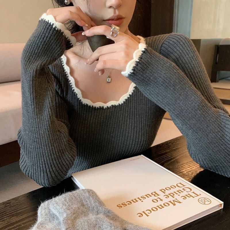 Ragazza Stile Francese Collo Rotondo Basso Maglia Per Donna Inizio Autunno Vintage Elegante Maglione Base Slim Fit Maglione Interno
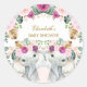 Adorable Dschungelmotive Rundaufkleber mit zwei süßen Elefantenbabys und üppigen tropischen Blätter und Blumenarrangements in rot, violett, grün und gold. Matching Artikel in unserem Shop verfügbar!
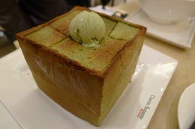 @ 幻彩厚多士配抹茶冰淇淋/38块,厚多士吃了好多次了,但是第一次有口味的厚多士,还蛮不错的,他不仅冰淇淋有味道,连那个面包都是有抹茶味道的。这个东西吃了很容易饱,本来他说这个东西考起来蛮,我们下好单就开始烤了,没想到挺快,菜都没吃完就上了,结果我吃了几个小块就有点饱了。。。最后外面那个墙稍微尝了点,还不错~
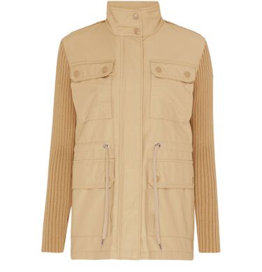 La veste bi-matière Moncler présente un design mi-long avec une fermeture à glissière dissimulée et des manches longues. Elle est agrémentée d'une étiquette avec logo à l'arrière, ajoutant une touche de style emblématique. Parfaite pour affronter les jours plus frais avec élégance et confort.
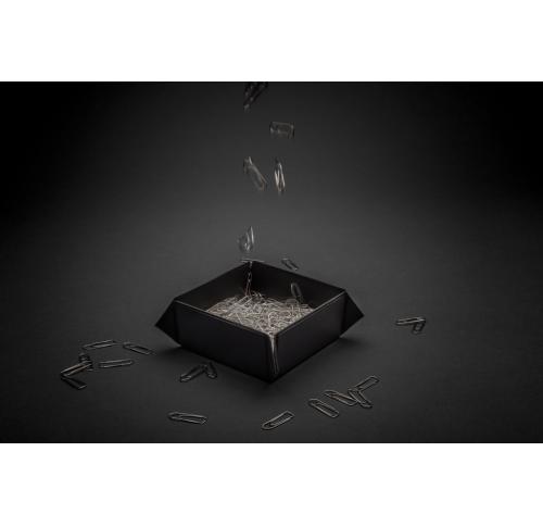 Foldable and magnetic storage box made with RCS certified recycled PU. Total recycled content: 21% based on total item weight. RCS certification ensures a completely certified supply chain of the recycled materials. The storage box comes flat in the packaging and can easily be folded into a storage box with the integrated magnets. Perfect for your desk or your bedside table. Packed in FSC® mix packaging.
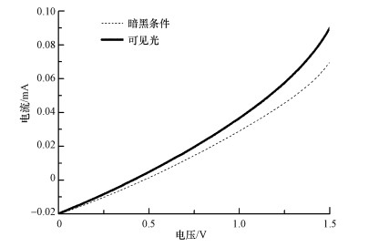 采用三電極體系, 以Fe, N-TiO2/Ti為工作電極, 飽和甘汞電極為參比電極, Pt電極為輔助電極, 在石英反應器中利用電化學工作站以掃速10 mV·s-1掃描Fe, N-TiO2/Ti在莧菜紅染料中的伏安(I-V)曲線, 結果見圖 4.圖 4結果表明, 該電極在可見光下有光電響應.
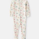 BABY GIRL FLORAL COTTON LONG-SLEEVE SNUG FIT 1-PIECE PAJAMAS – WHITE – 1T545210
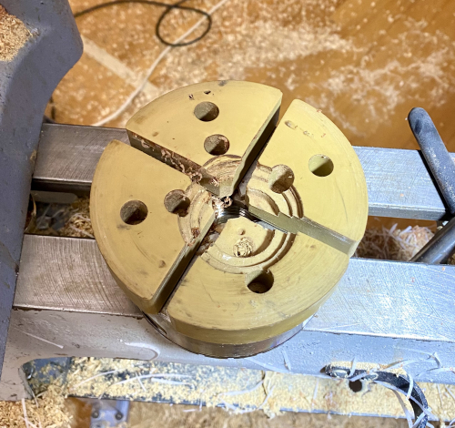 The bottom turned with a gripping surface to fit the "c" jaws of a chuck.
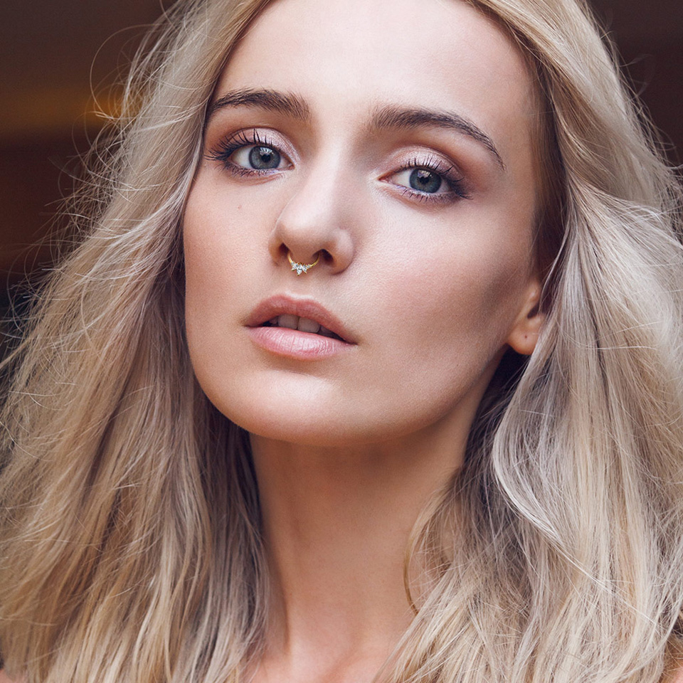 Attēlā redzamo gredzenu var nēsāt dažādos pīrsingos, piemēram, septum vai daith pīrsingā. Pīrsinga gredzens ir izgatavots no 14 karātu zelta un ir pieejams divos variantos: no tradicionālā dzeltenā zelta un piezemētā baltā zelta.
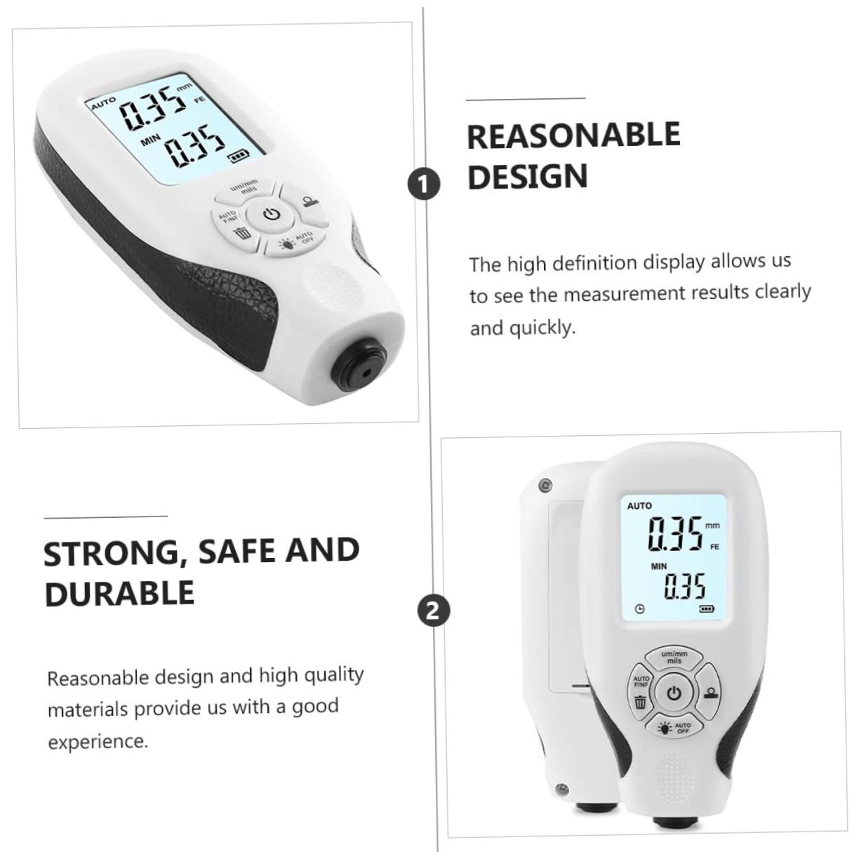 Package List 3 x thickness gauge 3 x manual 3 x calibration sheet Characteristics -Material: ABS, electronics Mini Thickness Gauge. -Power supply: 2 x 1.5V AAA batteries (not included) Auto Paint Digital Meter. -Resolution: 0.01mm/1mil Gauge. -Color: White Car Paint Coating Tester. -Measuring range: 0-2000UM Car Paint Digital Meter. -Size: About 11.00X5.20X2.50cm/4.32X2.04X0.98in Mini Digital Thickness Gauge. -Operating : -10 ℃ - 50 ℃ Car Digital Thickness Gauge. -Measurement accuracy: ±(3%+1UM) Car Gauge. - The compact size and light weight design are convenient for US to store and carry Portable Thickness Gauge. - Mainly used to non-destructively measure the of car Auto Car Paint Tester. - Made of plastic ABS and electronics material, it is strong, safe and Digital Thickness Gauge. - The high-definition display allows US to see the measurement results clearly and quickly Auto Paint Coating Tester. - Reasonable design and materials provide US with a experience .Goods DescriptionAuto Car Paint Tester A very useful digital thickness gauge, measuring range is 0-2000UM.Auto Paint Digital Meter An tool for a broad range of industrial and automotive applications.Auto Paint Coating Tester The item is a digital display thickness measurement tool.Digital Thickness Gauge Suitable for measuring the thickness for the car paint coating
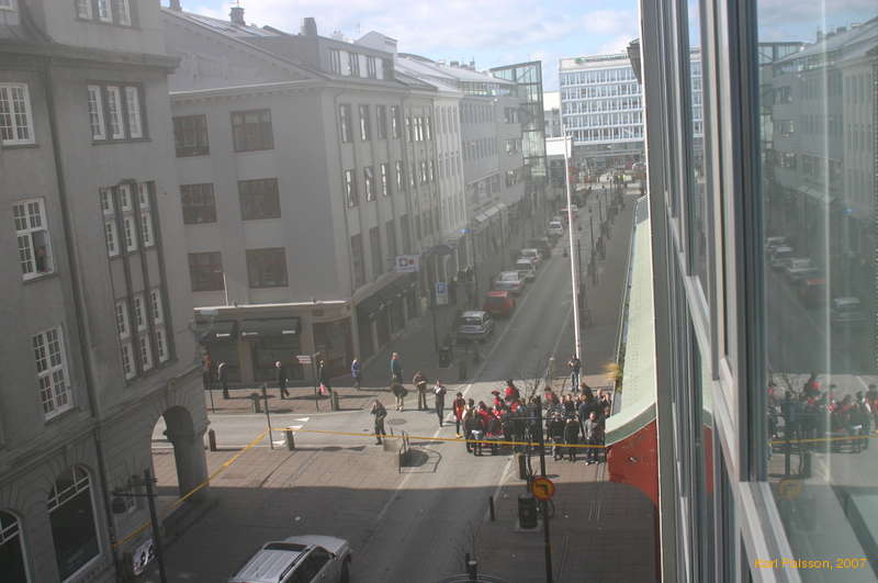 A crowd gathers
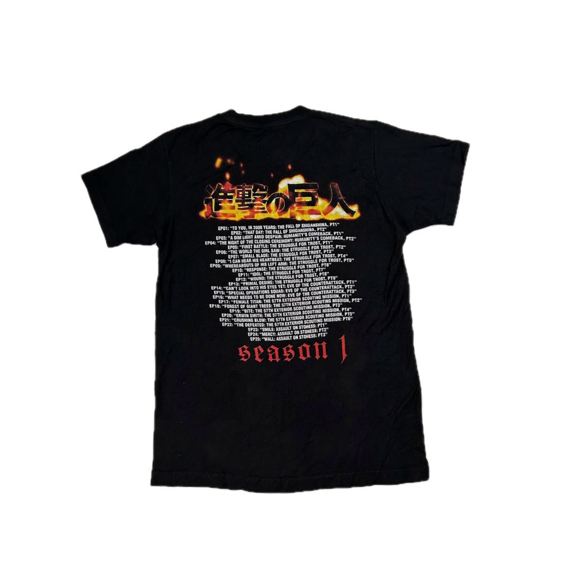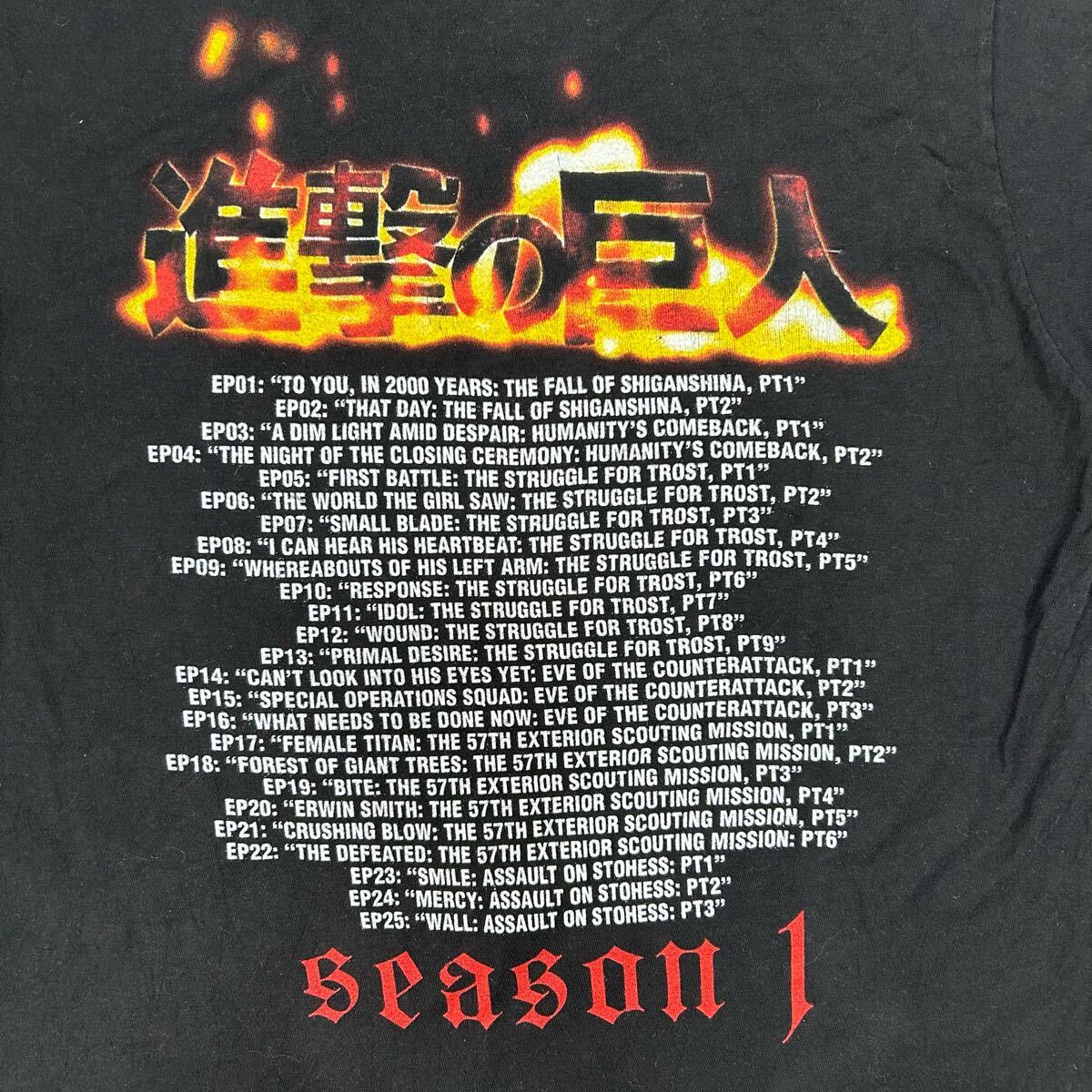 進撃の巨人のシーズン1をテーマにした黒いTシャツ。
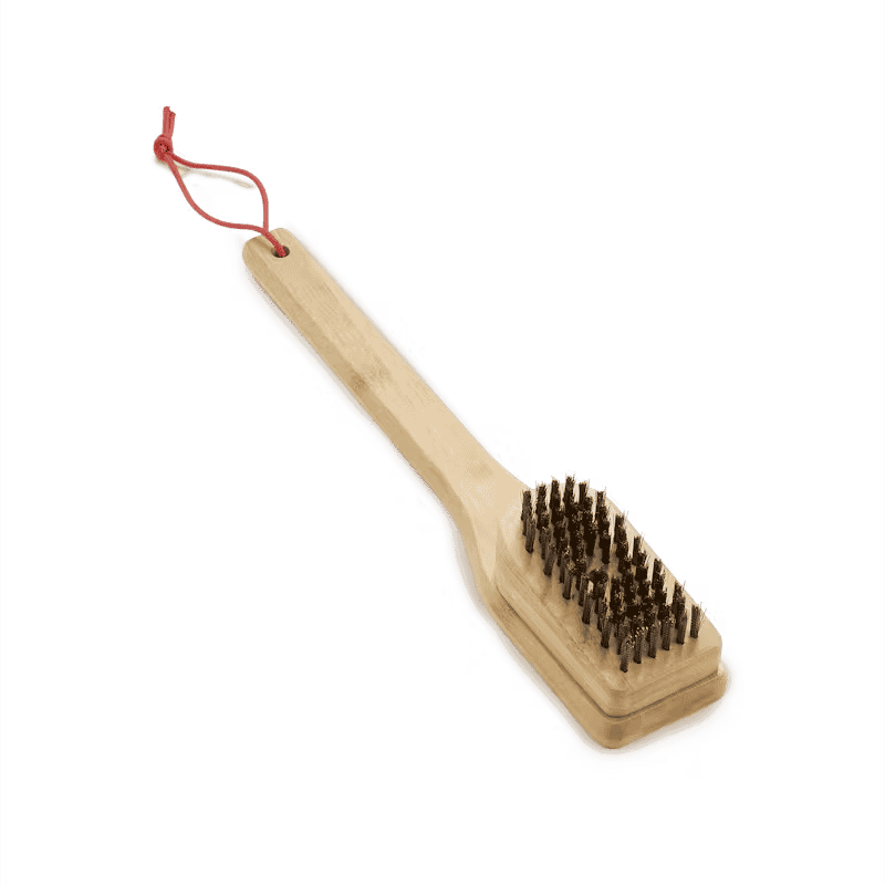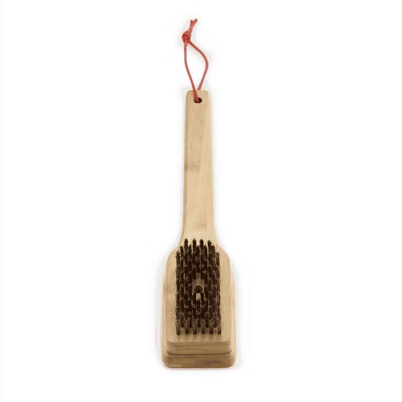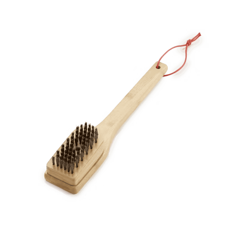 Очистите решетку и наслаждайтесь лучшими результатами приготовления на гриле. Быстро и легко удаляйте пригоревшую пищу, жир и другие загрязнения с каждой решетки с помощью этой бамбуковой щетки для гриля. Изогнутый кончик позволяет чистить решетку, не касаясь горячего гриля. Чтобы продлить срок службы вашего гриля и гарантировать, что каждое блюдо будет таким же вкусным, как и предыдущее, очищайте решетку этой щеткой перед каждым использованием. • Быстро и легко удаляет грязь • Изогнутый кончик щетины помогает соблюдать безопасное расстояние от горячего гриля • Ручка длиной 30 см позволяет добраться до всех частей решетки • Петля облегчает подвешивание и хранение • Соответствует стандартам CSA • 2-летняя гарантия
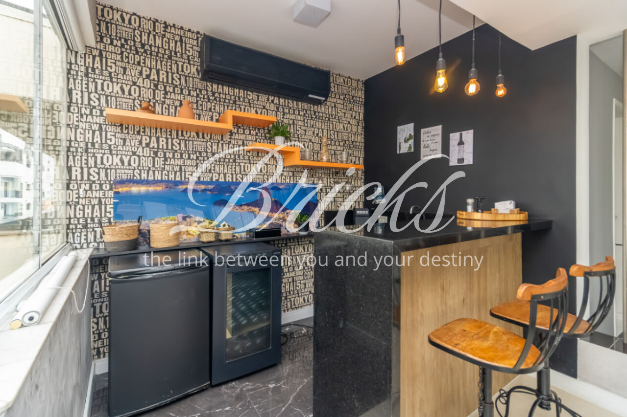 No andar superior, a cobertura se destaca por um espaço amplo e versátil, ideal para receber amigos e familiares. O ambiente conta com bar, sala de TV e está fechada com vidro, dando mais conforto aos moradores sem abrir mão da iluminação natural. Um espaço que oferece inúmeras possibilidades de personalização e criação de novos ambientes.
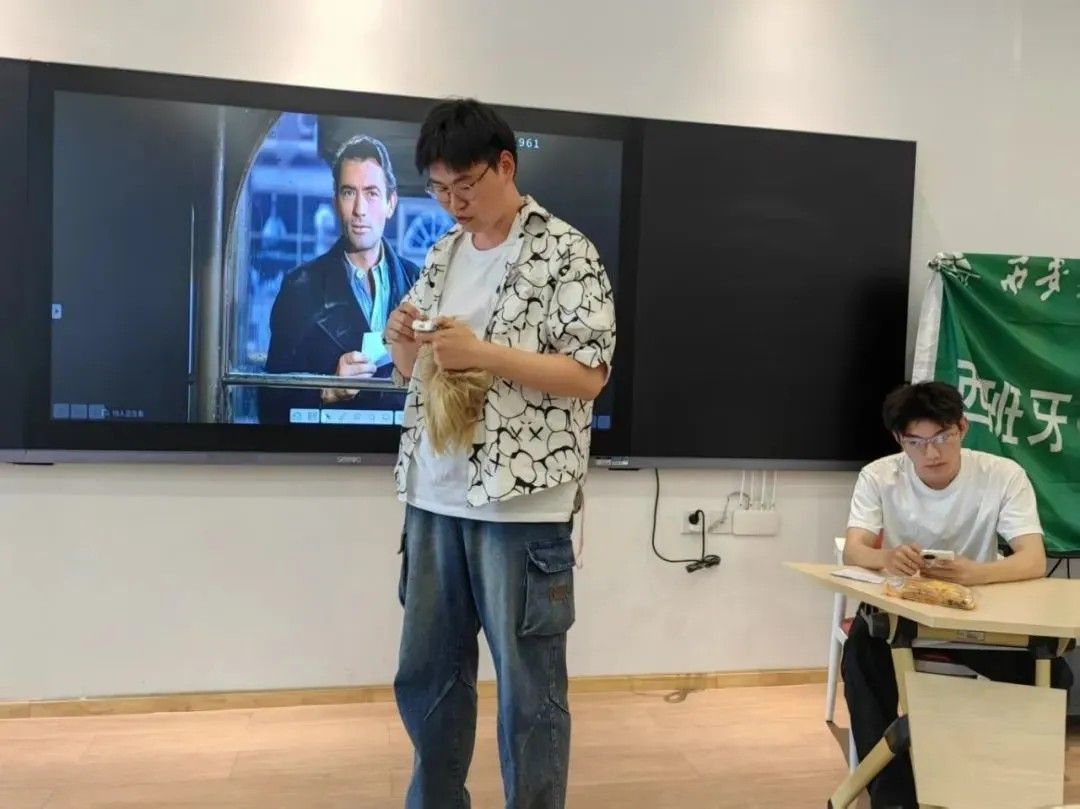 第一组由24级陈圣喆、王晴、刘田一、尹国宁带来,讲诉了桌子上的三明治神秘消失,由一个角色寻找缘由展开的神奇探秘故事。
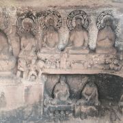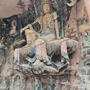 从成都出发,2.5小时路程(成都和重庆之间)。因石窟大多为独具特色的“单元式”布局,较为分散,而我们只有1天的时间,只能走马观花游览了三个代表石窟:圆觉洞、毗卢洞、华严洞。本来想去茗山寺(带风化年轮的超美石窟),走错路去了华严洞,还好也没有让我们失望,华严洞是安岳石窟中规模最大、保存最完好的石窟之一,开凿于宋朝年间,洞内佛教人物造像栩栩如生,雕工精细,线条流畅,展现出中国自然写实风格。

WHAT TO PRODUCE – Write out again exactly the lines above from the one with "Adorable Dschungelmotive Rundaufkleber" through the one with "La veste bi-matière", adding no other lines and no pictures.

ANSWER SPACE –
 Adorable Dschungelmotive Rundaufkleber mit zwei süßen Elefantenbabys und üppigen tropischen Blätter und Blumenarrangements in rot, violett, grün und gold. Matching Artikel in unserem Shop verfügbar!
 @ 幻彩厚多士配抹茶冰淇淋/38块,厚多士吃了好多次了,但是第一次有口味的厚多士,还蛮不错的,他不仅冰淇淋有味道,连那个面包都是有抹茶味道的。这个东西吃了很容易饱,本来他说这个东西考起来蛮,我们下好单就开始烤了,没想到挺快,菜都没吃完就上了,结果我吃了几个小块就有点饱了。。。最后外面那个墙稍微尝了点,还不错~
 La veste bi-matière Moncler présente un design mi-long avec une fermeture à glissière dissimulée et des manches longues. Elle est agrémentée d'une étiquette avec logo à l'arrière, ajoutant une touche de style emblématique. Parfaite pour affronter les jours plus frais avec élégance et confort.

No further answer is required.